Market Confusion: The Navy Tanker Escort Episode
Oil's decline helped boost stocks around the world, though U.S. indexes trimmed gains and crude pared declines after Energy Secretary Chris Wright deleted a social-media post saying the U.S. Navy had successfully escorted a tanker through the Strait of Hormuz. The Navy is not currently escorting commercial ships through the Strait, according to the White House and a spokesman for U.S. Central Command.
The S&P 500 was recently up less than 0.1%. Caterpillar added around 2.5%, boosting the Dow Jones Industrial Average by 0.2%. Treasury yields edged lower.

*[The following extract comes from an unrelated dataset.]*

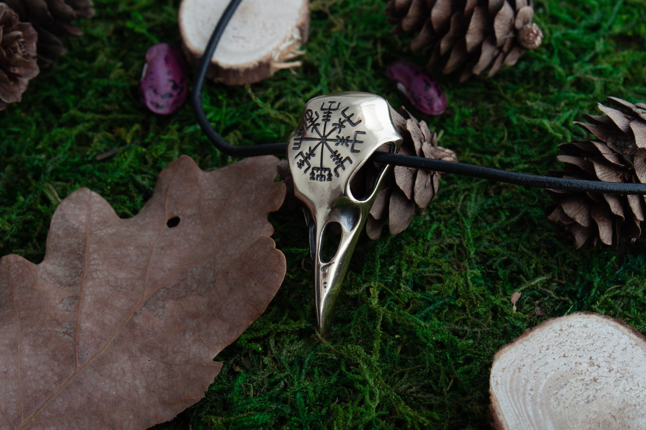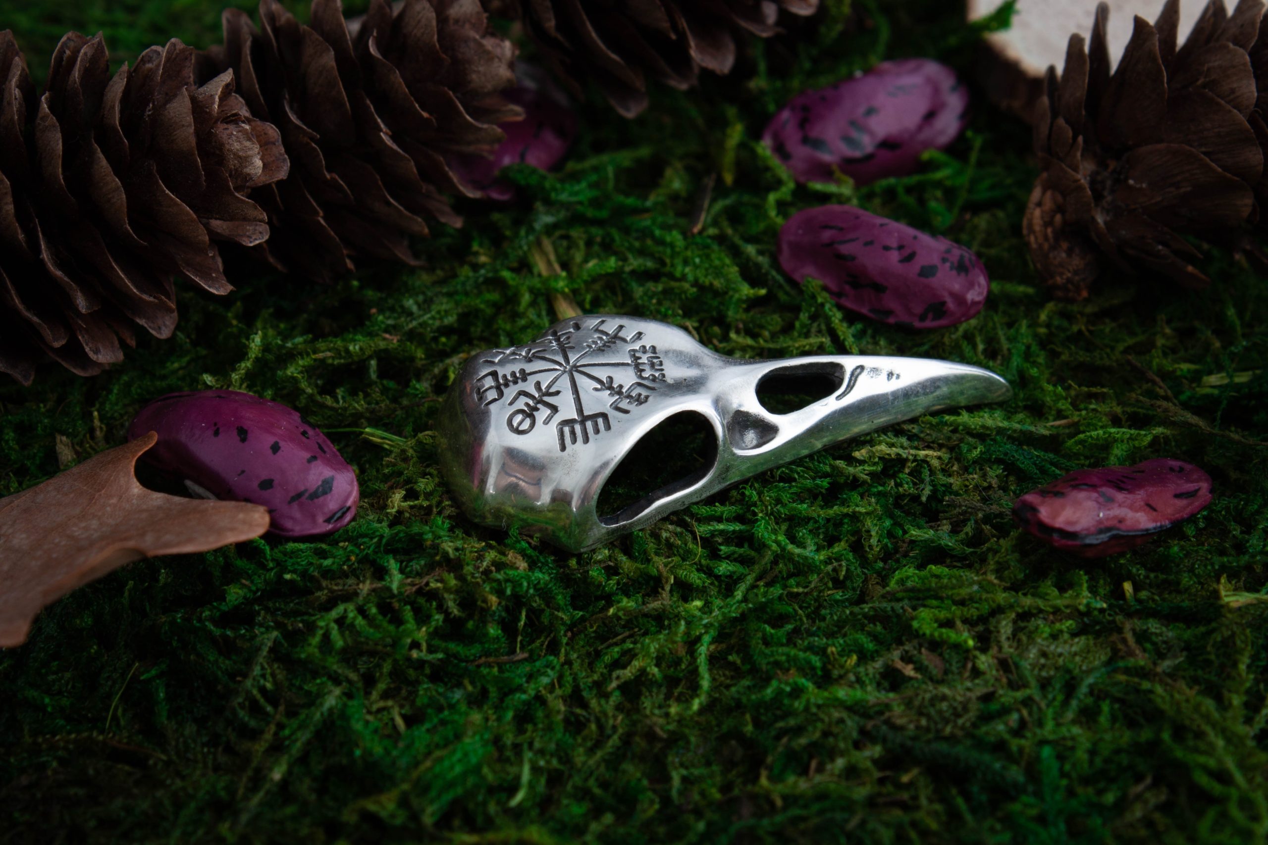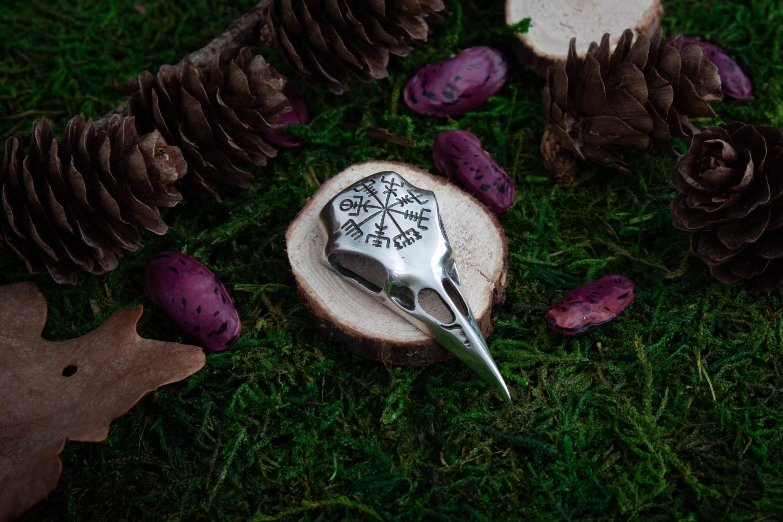 It is believed that a raven skull can seek out restless and cursed souls that have not left the earthly realm and bind them to serve their master. In addition, the skull is considered a powerful protective amulet. The ancient Icelandic symbol Vegvisir engraved on the skull is said to help one stay on the right path and make wise decisions, even in the most difficult circumstances.
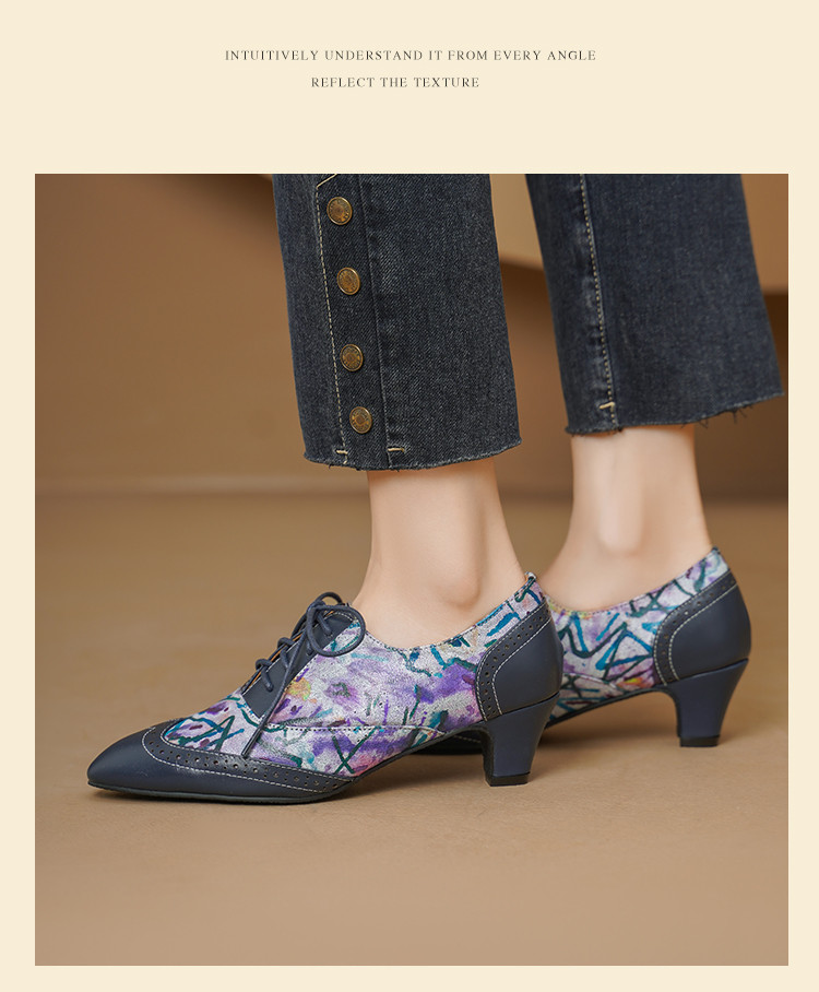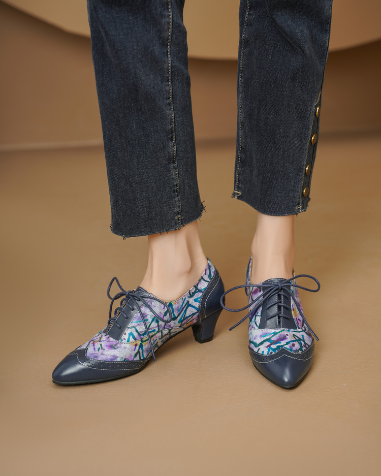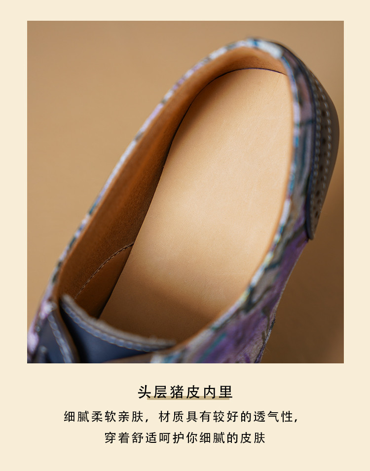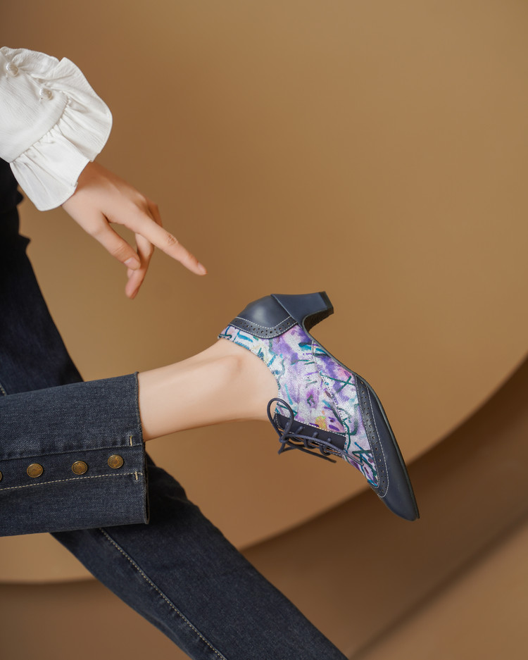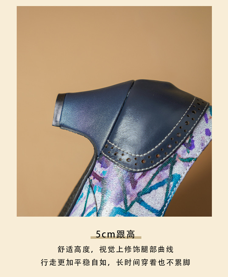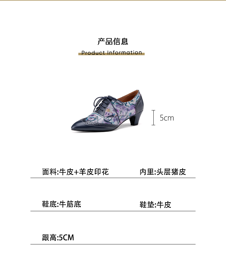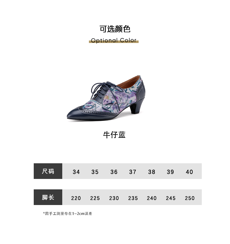 【货 号】2502【鞋面材质】牛皮+羊皮印花【内里材质】猪皮【鞋垫材质】牛皮【鞋底材质】牛筋底【跟 高】5cm【颜 色】牛仔蓝【尺 码】34-43(大小定制不退换)

The dollar weakened. Gold rose around 2.6%.
Saudi Aramco Warning
Saudi Aramco sounded a note of caution, with its CEO warning of "catastrophic consequences for oil markets" the longer the disruption to energy flows continues. Gulf supply disruptions already account for an estimated 2–3 million barrels per day of reduced throughput through the Strait of Hormuz.
Impact on Indian Economy
For India, which depends on the Gulf for over 50% of its crude imports, even a $90 Brent price is significantly elevated versus the $75 level that underpinned India's FY26 budget assumptions. The petroleum ministry has initiated emergency consultations with state-run refiners IOCL, BPCL, and HPCL on managing the supply shortfall.